### Information supplied
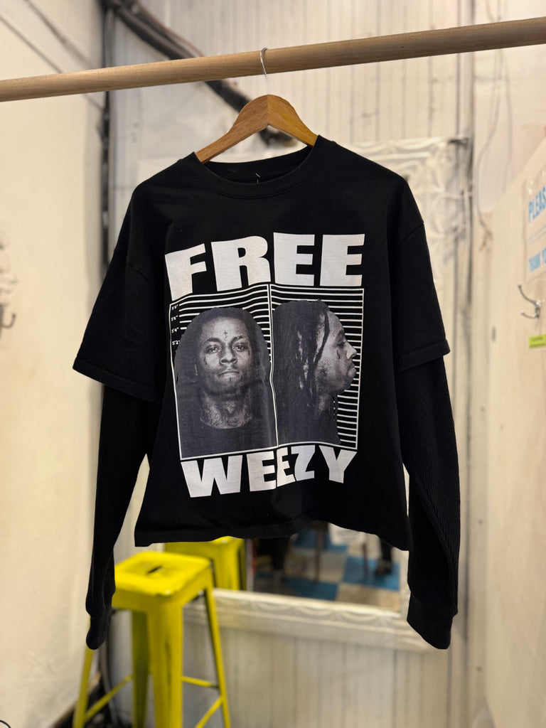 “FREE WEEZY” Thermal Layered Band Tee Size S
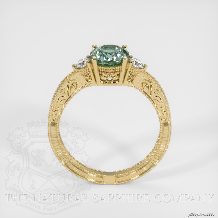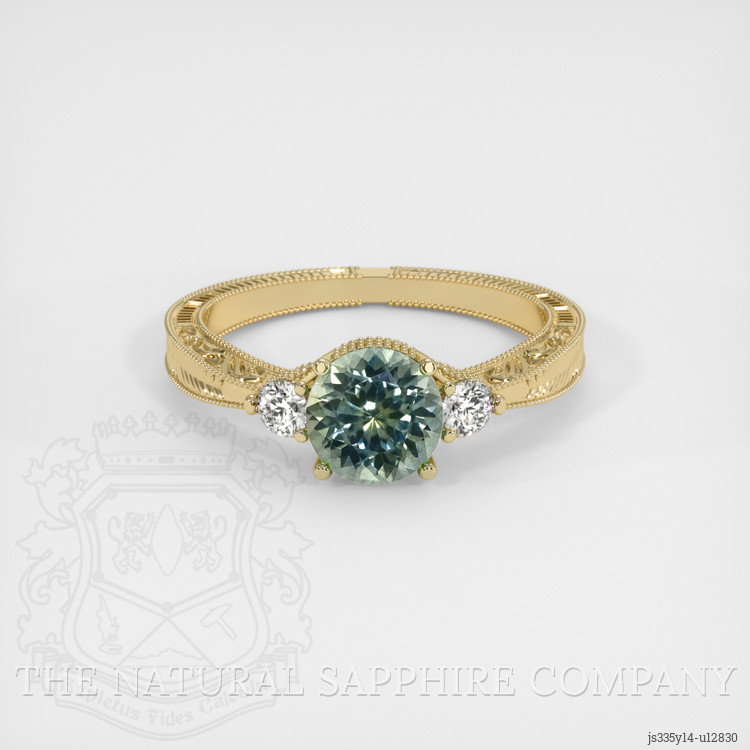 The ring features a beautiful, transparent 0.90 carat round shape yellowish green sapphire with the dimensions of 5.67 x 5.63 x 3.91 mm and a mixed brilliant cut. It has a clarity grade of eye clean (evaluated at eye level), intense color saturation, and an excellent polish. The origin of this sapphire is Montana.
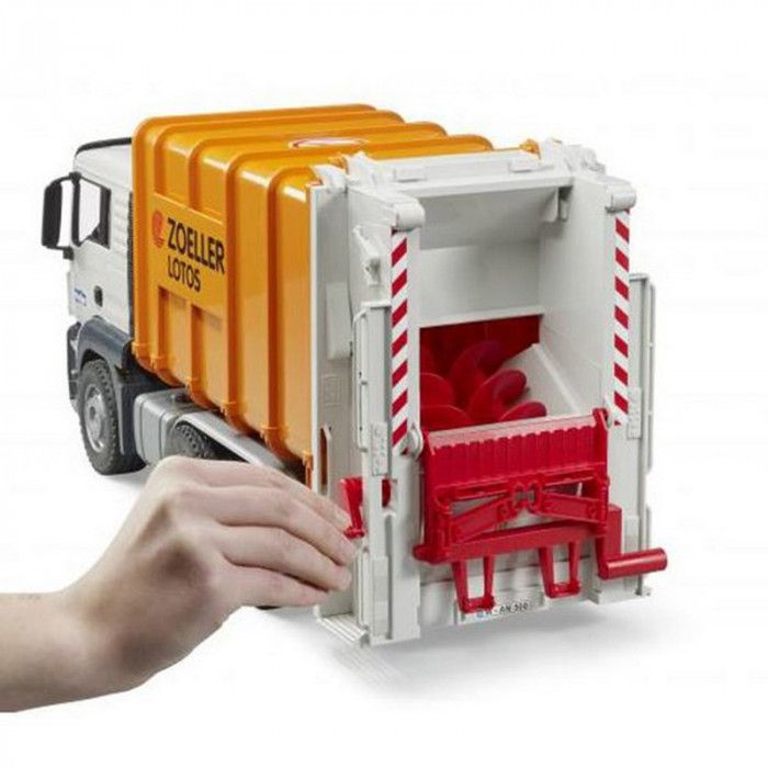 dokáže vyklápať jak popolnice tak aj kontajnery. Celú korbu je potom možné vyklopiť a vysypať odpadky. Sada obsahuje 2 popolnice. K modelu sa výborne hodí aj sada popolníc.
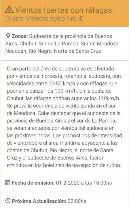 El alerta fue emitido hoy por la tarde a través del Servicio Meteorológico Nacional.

### Exercise goal
Apart from the pictures, the material above has to be repeated exactly.

### Solution
 “FREE WEEZY” Thermal Layered Band Tee Size S
 The ring features a beautiful, transparent 0.90 carat round shape yellowish green sapphire with the dimensions of 5.67 x 5.63 x 3.91 mm and a mixed brilliant cut. It has a clarity grade of eye clean (evaluated at eye level), intense color saturation, and an excellent polish. The origin of this sapphire is Montana.
 dokáže vyklápať jak popolnice tak aj kontajnery. Celú korbu je potom možné vyklopiť a vysypať odpadky. Sada obsahuje 2 popolnice. K modelu sa výborne hodí aj sada popolníc.
 El alerta fue emitido hoy por la tarde a través del Servicio Meteorológico Nacional.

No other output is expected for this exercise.